Beginning at the top of the data below, restate every line word for word until the line containing "BS1800 PEPINILLOS AGRIDULCES 860G BORNIBUS" has been included, and omit the pictures.

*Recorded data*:
◆ ◆ ◆ ◆ ◆ ◆ ◆
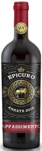
Appassimento Rosso epicuro
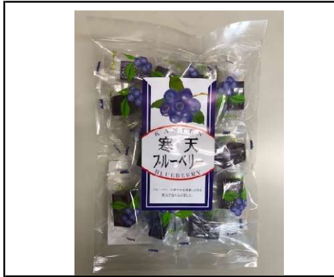
商品名 寒天ブルーベリー 売価 500円 (税抜) 内容量 220g JANコード 4974549000585
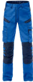
129482-676 HOSE 2555 STFP
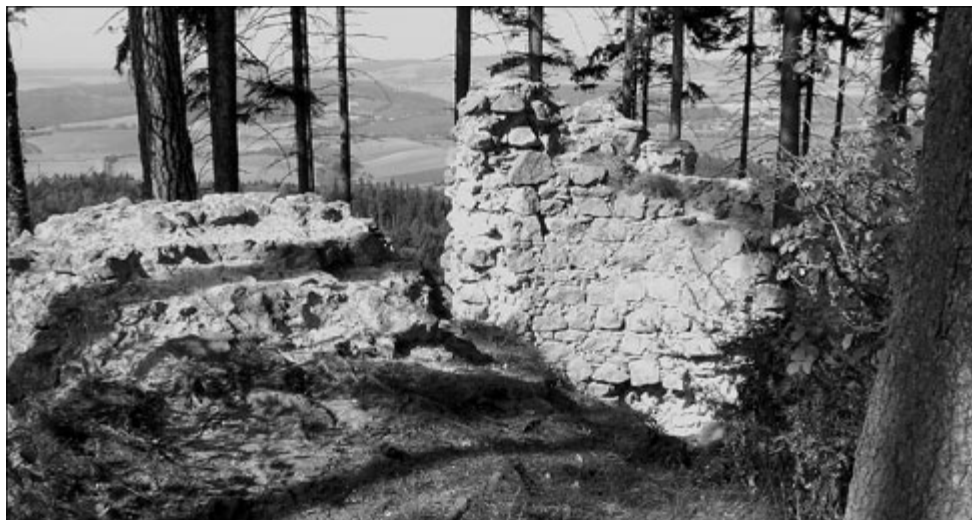
Zříceniny hlavní věže a štítové zdi Střileckého hradu
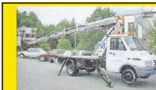
IVECO стрела BRONTO SKYLITE 19, -98 сл. техосм. в 2018 г
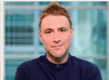
Slack CEO Stewart Butterfield
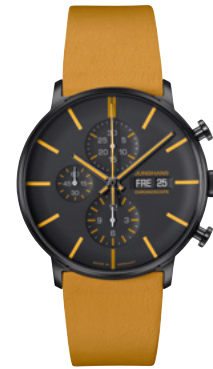
FORM A Chronoscope 27/4372.00
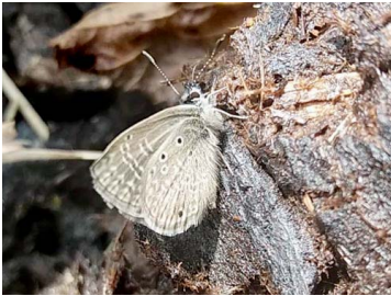
9 Hemiargus hanno bogotana Papilionoidea - Lycaenidae
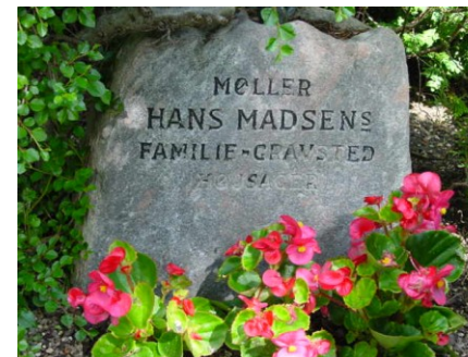
Stenen stod oprindeligt på familiegravstedet på Asminderød Kirkegård indtil gravstedet blev sløffet i foråret 2018.
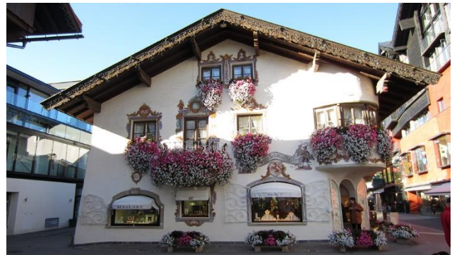
Schönes Haus in Seefeld
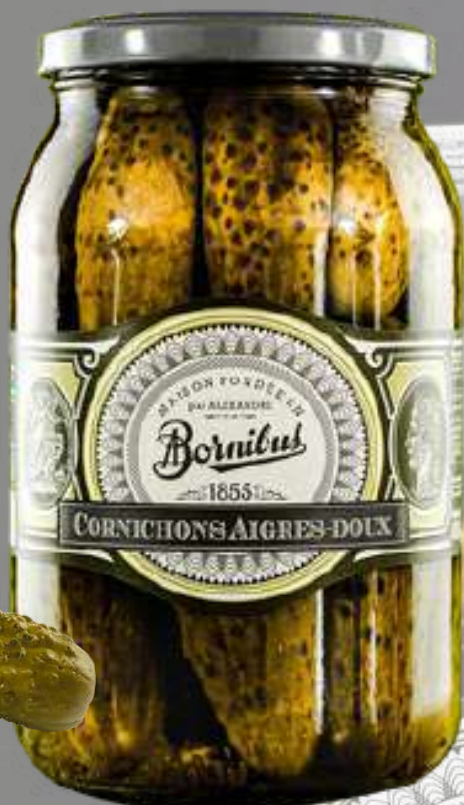
BS1800 PEPINILLOS AGRIDULCES 860G BORNIBUS
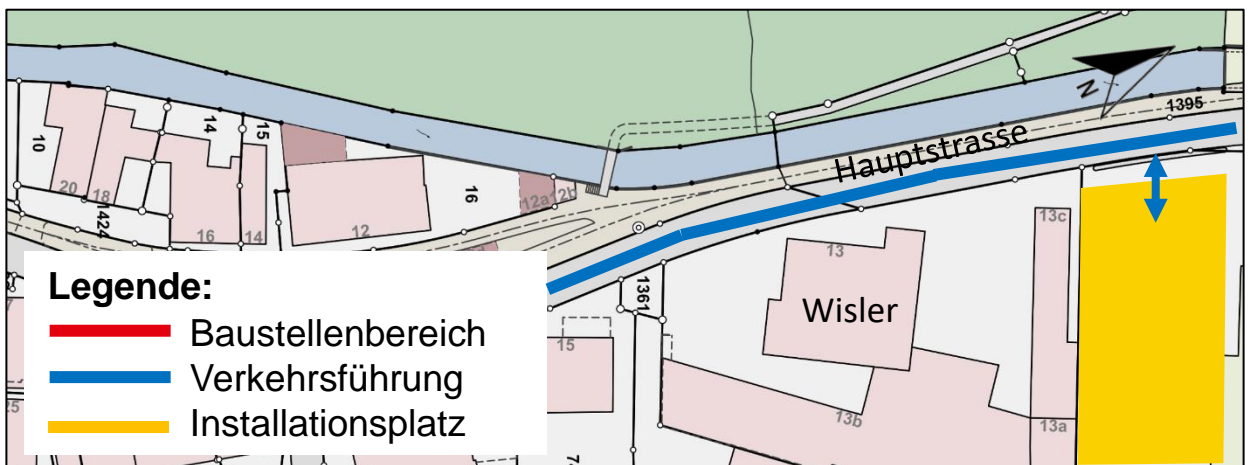
Skizze 2: Ersatzparkplätze auf dem IP-Wisler

Wir bitten Sie, allfällige Pächter oder Mieter Ihres Grundstücks direkt über die anstehenden Beeinträchtigungen zu orientieren.
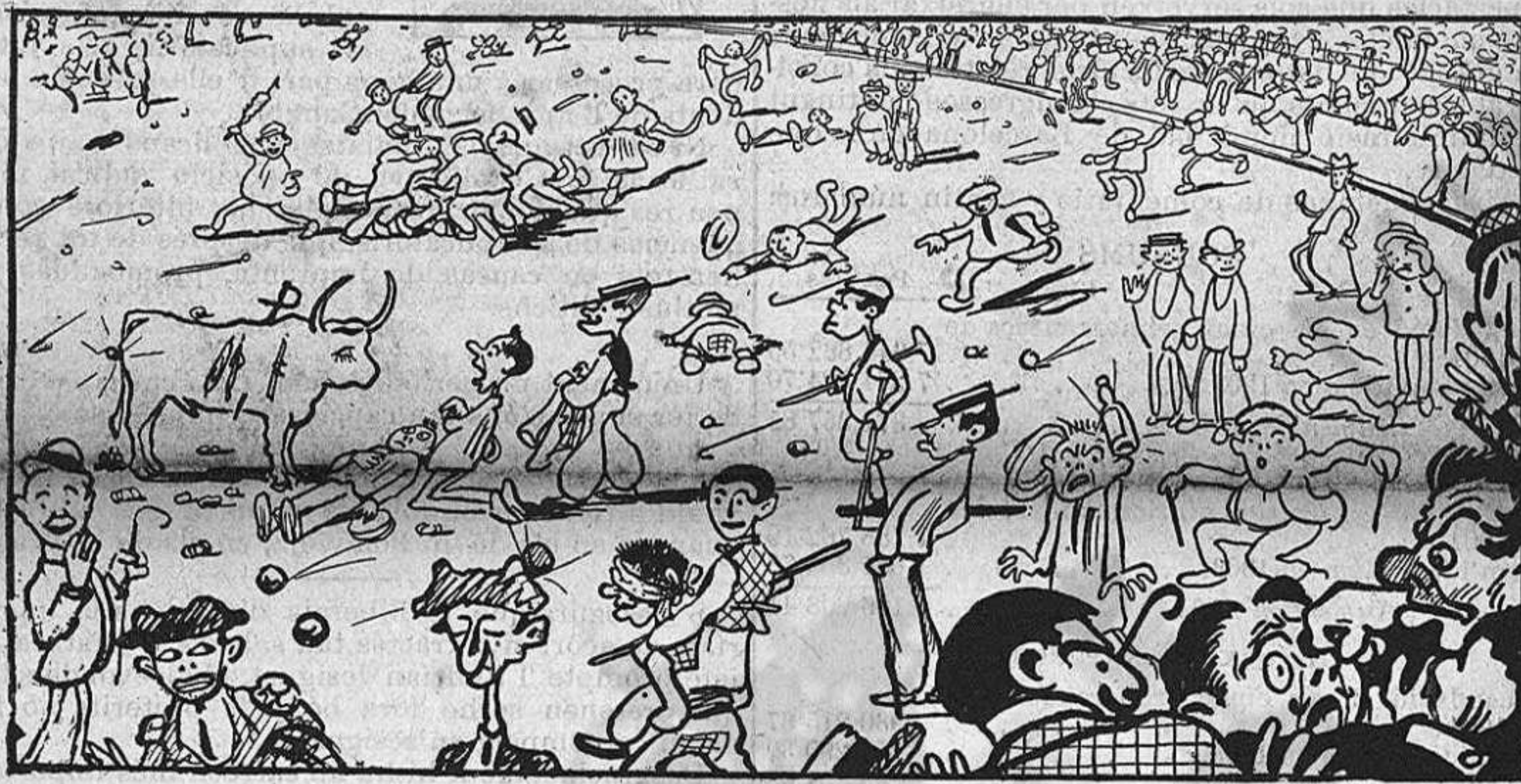
Accidents de una corrida que va ser molt discutida.
◆ ◆ ◆ ◆ ◆ ◆ ◆
*SOLUTION*:
Appassimento Rosso epicuro
商品名 寒天ブルーベリー 売価 500円 (税抜) 内容量 220g JANコード 4974549000585
129482-676 HOSE 2555 STFP
Zříceniny hlavní věže a štítové zdi Střileckého hradu
IVECO стрела BRONTO SKYLITE 19, -98 сл. техосм. в 2018 г
Slack CEO Stewart Butterfield
FORM A Chronoscope 27/4372.00
9 Hemiargus hanno bogotana Papilionoidea - Lycaenidae
Stenen stod oprindeligt på familiegravstedet på Asminderød Kirkegård indtil gravstedet blev sløffet i foråret 2018.
Schönes Haus in Seefeld
BS1800 PEPINILLOS AGRIDULCES 860G BORNIBUS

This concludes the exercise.